> The token lists are just text files that consist of the characters base64 encoded followed by the numeric ID. If you want to explore the list you can just download them and decode them yourself.
If you want to look at mappings for individual tokens, sure, but if you actually want to tokenize text that contains more than 1 token, the process is very non trivial. I've been writing my own JavaScript LLaMA tokenizer for several days now (just the encode and decode functions, not training). I hope to release it this weekend. It's currently 400 lines of code + data.
Yes, absolutely. TikToken is quite heavily optimized. If I wanted to write a tokenizer I'd just use their Rust backend and invoke it via an FFI, or translate it mechanically into another language. Actually, GPT-4 is quite good at code language translation so I'd just ask it to do the work.
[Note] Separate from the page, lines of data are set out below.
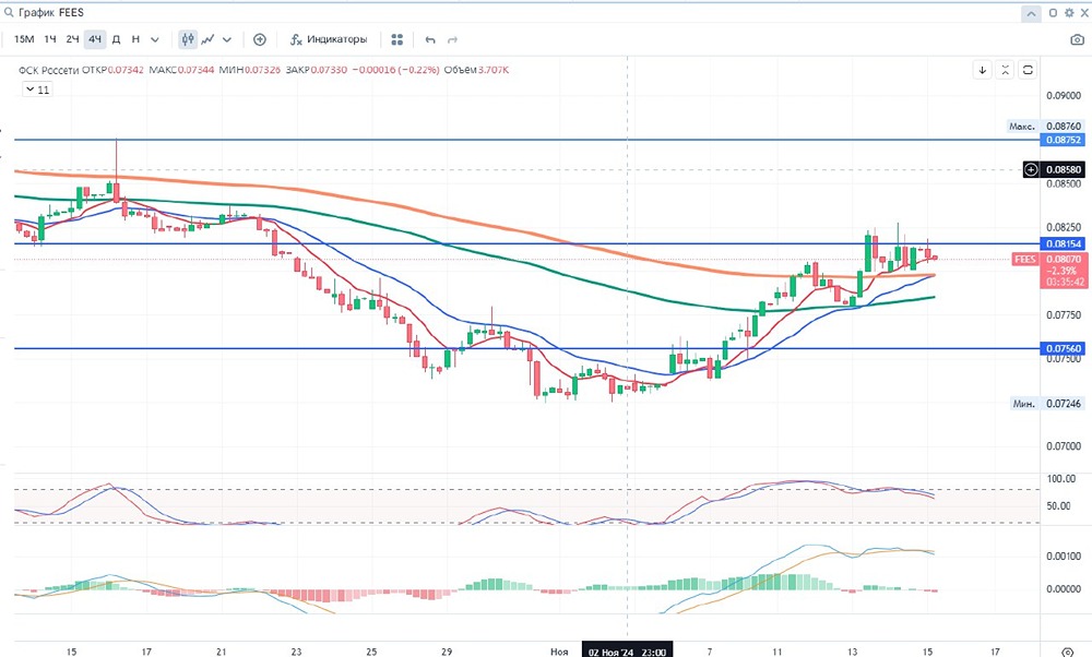 Добрый день уважаемые дамы и господа, инвесторы и трейдеры! 🚨«Федеральная сетевая компания — Россети» (ПАО «Россети») — российская энергетическая компания, основным видом деятельности которой является передача электроэнергии по Единой национальной электрической сети (ЕНЭС) России. В этом виде деятельности компания является субъектом естественной монополии. Объекты электросетевого хозяйства компании расположены в 78 регионах. В зоне ответственности ФСК находятся 149 тыс. км высоковольтных магистральных линий электропередачи и 889 подстанции общей мощностью более 352 гигаватта. ✅Позитив: 📍1. Группа «Россети» планирует инвестировать в магистральный комплекс Дальнего Востока более ₽600 млрд в 2024-2029 годах. Большая часть средств будет направлена на электроснабжение Восточного полигона. ⛔Негатив: 📍1. Переоценка стоимости находящихся на балансе Россети акций дочерних обществ привела к сокращению прибыли компании в 191 раз. 📍2. Выплат дивидендов по итогам 2022–2026 годов не ожидается. 📍3. Из-за высокой КС в 2024г. резко вырастут процентные расходы 📢Дополнительно: 🥇1. Чистая прибыль «Федеральной сетевой компании – Россети» по РСБУ за 9 месяцев 2024 года составила ₽2,39 млрд, многократно снизившись по сравнению с ₽458,8 млрд в предыдущем году. 🥈2. Выручка увеличилась на 10,7% до ₽260,15 млрд против ₽235,09 млрд годом ранее. 🥉3. По операционным показателям рост, снижение чистой прибыли произошел из-за переоценки стоимости дочек. 💵Дивиденды: Дивидендная политика компании Федеральная сетевая компания - Россети (как и других МРСК) предусматривает выплаты в 50% чистой прибыли, определенной как максимум из отчетностей РСБУ или МСФО. При этом такая чистая прибыль корректируется на обязательные отчисления, инвестиции из чистой прибыли, погашение убытков прошлых лет. Выплат дивидендов по итогам 2022–2026 годов не ожидается, компания имеет крупную инвестпрограмму. 💴 - $FEES : ФА Капитализация - 165.0 млрд ₽ Кол-во акций ао– 2 113 460.0 млн Кол-во акций ап– 0.0 млн Р/Е - 1.0 P/S - 0.1 P/B - 0.1 ROE - 9.2% EV/EBITDA - 1.0 ⏰ - ТФ 1 DAY 🛠 ТА - скользящие, стохастик, объем, МАСD, уровни. 📈- тренд вниз ‼- Гистограмма MACD в положительных значениях, линии MACD находятся в отрицательных значениях, но показывают тенденцию к росту. Стохастик находится у средней линии. 20 мая цена пересекла сверху вниз 100 ЕМА и показывает нисходящую тенденцию. При закрытии дня ниже 0,07836 возможен разворот в шорт. Цена подходит к одному из уровней в 0,08154. При закрытии ниже 0,07818 возможен поход ниже до 0,0756-0,0765. ⏰ -ТФ 4 часа 🛠 ТА - скользящие, стохастик, объем, МАСD, уровни. 📈- тренд вниз ‼ - Гистограмма MACD в отрицательных значениях, линии MACD находятся в положительных значениях. Стохастик вышел из зоны перепроданности. При закрытии ниже 0,07979 возможен разворот в шорт. 📊За 6 (04.24-09.24) месяцев цена снизилась более чем на 40 % . Мин. Рrice = 0,07246 Мах. Рrice = 0.13282 📌 Цены смены тренда указаны в соответствии с ТФ и являются ориентировочными и со временем смещаются.📌 🃏Всем профита и до скорой встречи!🃏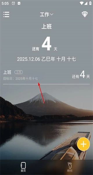 4、进入已保存事项的详情页面查看,能看到分类为“上班”的事项还剩4天,其目标日期是2025年10月17日的相关信息。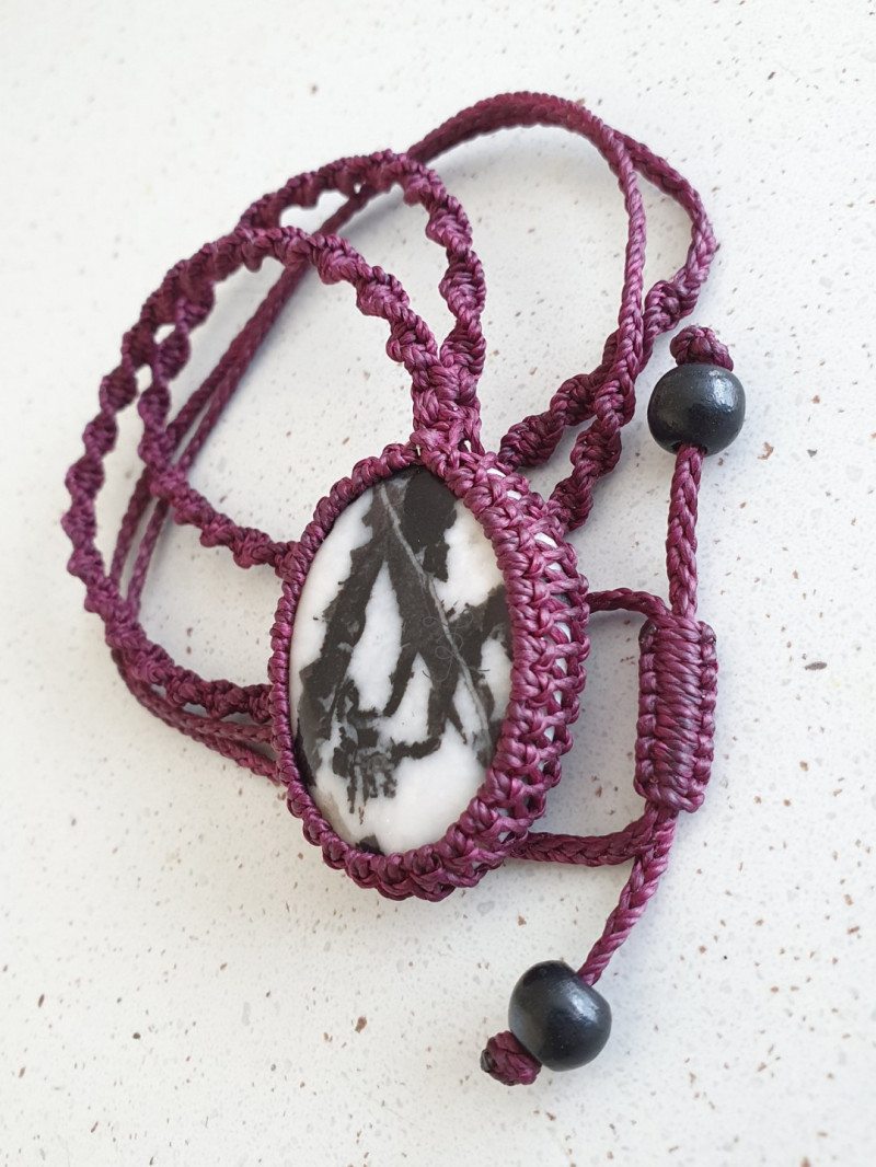 Zebra Jasper crystal necklace and wooden beads with black cherry adjustable macramé cord.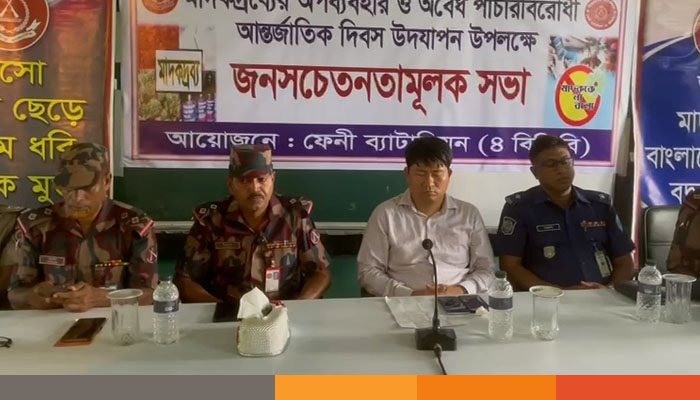 মাদক দ্রব্যের অপব্যবহার ও অবৈধ পাচারবিরোধী আন্তর্জাতিক দিবস উপলক্ষে ফেনী ব্যাটালিয়ন (৪ বিজিবি) এর উদ্যোগে ফেনীর ছাগলনাইয়ায় মাদকবিরোধী জনসচেতনতামূলক সভা অনুষ্ঠিত হয়েছে। বৃহস্পতিবার (২৭ জুন) সকালে পূর্ব ছাগলনাইয়া সরকারি প্রাথমিক বিদ্যালয় মিলনায়তনে এ সভার আয়োজন করা হয়।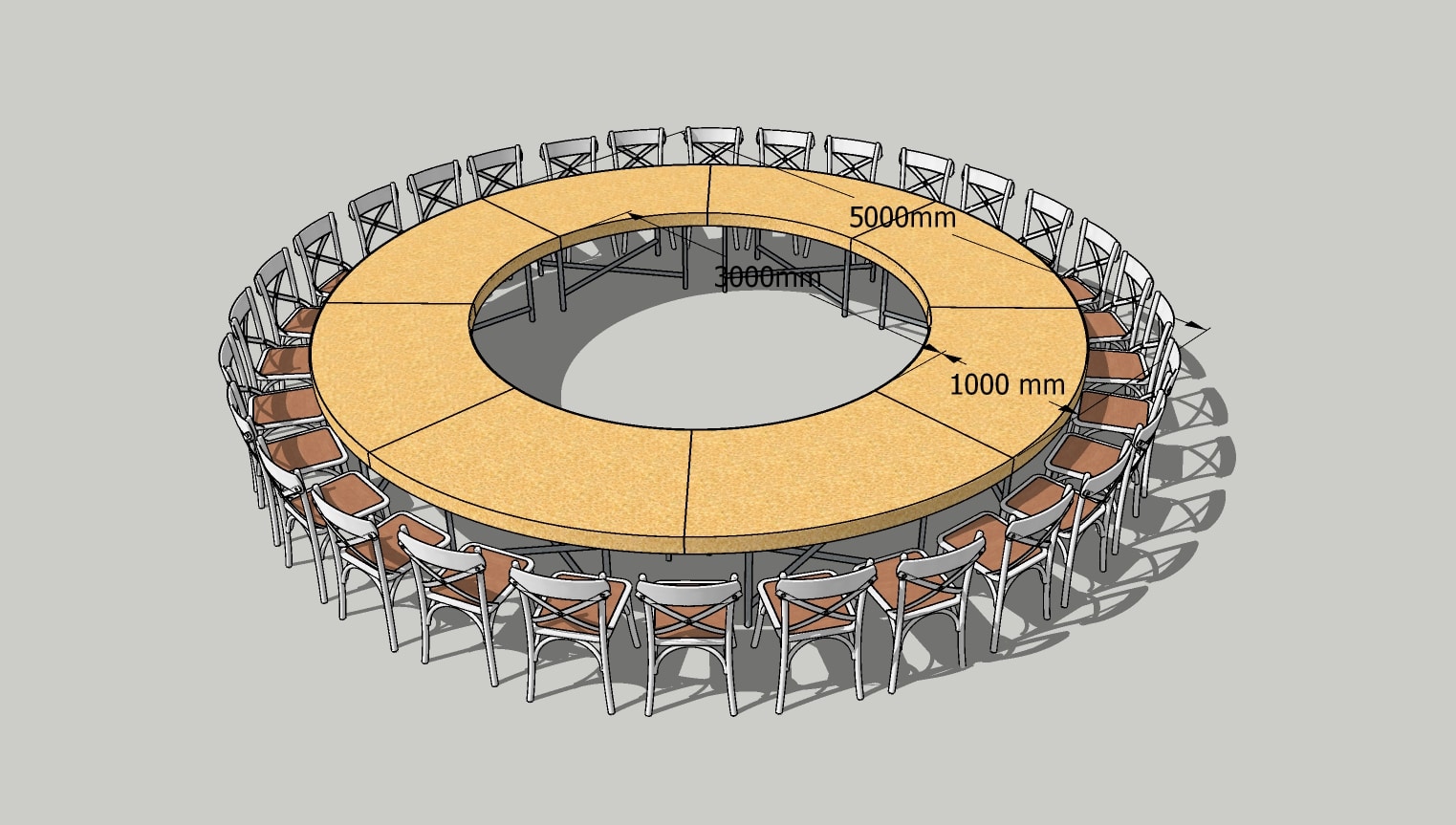 שולחן עגול שלם קוטר 5מ': 24-28 מקומות ישיבה בהיקף החיצוני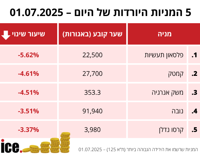 בקרב חמש המניות היורדות, המפסידה הגדולה היא המניה של פלסאון תעשיות, שיורדת בשיעור של 5.62% לרמה של 22,500 אגורות. במקום השני נמצאת המניה של קמטק שיורדת ב-4.61% לרמה של 27,700 אגורות.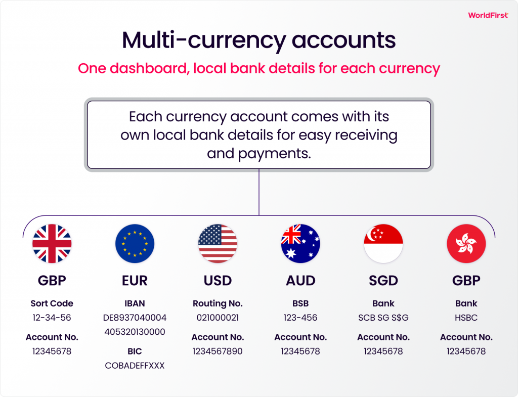 - No UK address required: Providers issue local bank details (sort code and account number for GBP, IBANs for EUR, etc.) without demanding a British utility bill or tenancy agreement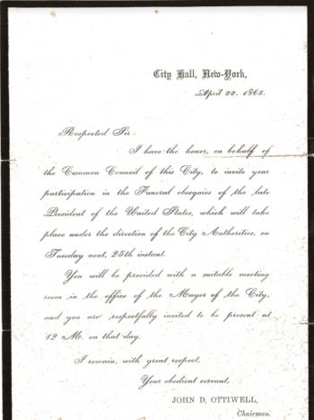 OTTIWELL, JOHN D. (1827-1900). Lieutenant colonel, 84th Regiment, New York State National Guard; captain, 12th Regiment, New York State Militia, Company D. Ottiwell was born in New York City. The 1855 New York State census reports that he lived in New York City with his wife and four daughters and worked as a tinsmith; on the 1860 census, he was listed as a master metal roofer whose personal estate was valued at $5,000. Active in Republican Party politics, he served on New York City’s Common Council in 1861 and 1862, and in total, held that position for five years; his obituaries in the New York Herald and the New York Daily Tribune, which confirm his Civil War service, note that he was the only Republican elected to that body in 1862. Ottiwell enlisted at New York City as a captain on April 19, 1861, was commissioned into Company D of the 12th New York State Militia, also known as the Tompkins Blues, on May 2, and mustered out at New York City with his company on August 5. As per his obituary in the New York Herald, Ottiwell was elected lieutenant colonel of the 84th Regiment in 1862. His obituary in the New York Daily Tribune reports that the Common Council sent him to the front after the Battle of Gettysburg, Pennsylvania, to look after the interests of New York State troops. Subsequently, Ottiwell served for 100 days in the 84th Regiment’s National Guard in 1864. In 1865, he was chairman of the special committee for President Abraham Lincoln’s funeral procession and obsequies in New York City on April 25, 1865; he signed the formal invitation to that event for guests gathered at noon in the Mayor’s meeting room at City Hall (see below). Ottiwell’s publication, Obsequies of Abraham Lincoln, published in 1866, under the auspices of the New York Common Council, detailed the observance. The 1867 New York City Directory lists him in the furnace business and also as an assessor (one who determines the value of real estate). Ottiwell was a delegate to the Republican Convention in Chicago in 1868 that nominated Ulysses S. Grant for president. In addition, he was a member of Hook and Ladder #9 of the old Volunteer Firemen in New York City.

That's what I thought when I started working on this, but it turns out the answer is no! This approach - "minimal mapping of character sequences to numbers" - can be described as a greedy algorithm. Using this approach will often produce correct results, but not always. I can provide an example:
Input string: " grabbed"
Tokenize that with the greedy algorithm, you get [17229, 2580] == [" grab", "bed"]
Tokenize that with actual LLaMA tokenizer, you get [2646, 1327, 287] == [" gra", "bb", "ed"]
Note that the correct tokenizer represents this string with 3 tokens, even though it would be more efficient to represent this string with 2 tokens (yes, those 2 tokens exist in the vocabulary).
LLaMA uses SentencePiece Byte-Pair Encoding for tokenization, and it has many weird quirks like this.
If you want to look at mappings for individual tokens, sure, but if you actually want to tokenize text that contains more than 1 token, the process is very non trivial. I've been writing my own JavaScript LLaMA tokenizer for several days now (just the encode and decode functions, not training). I hope to release it this weekend. It's currently 400 lines of code + data.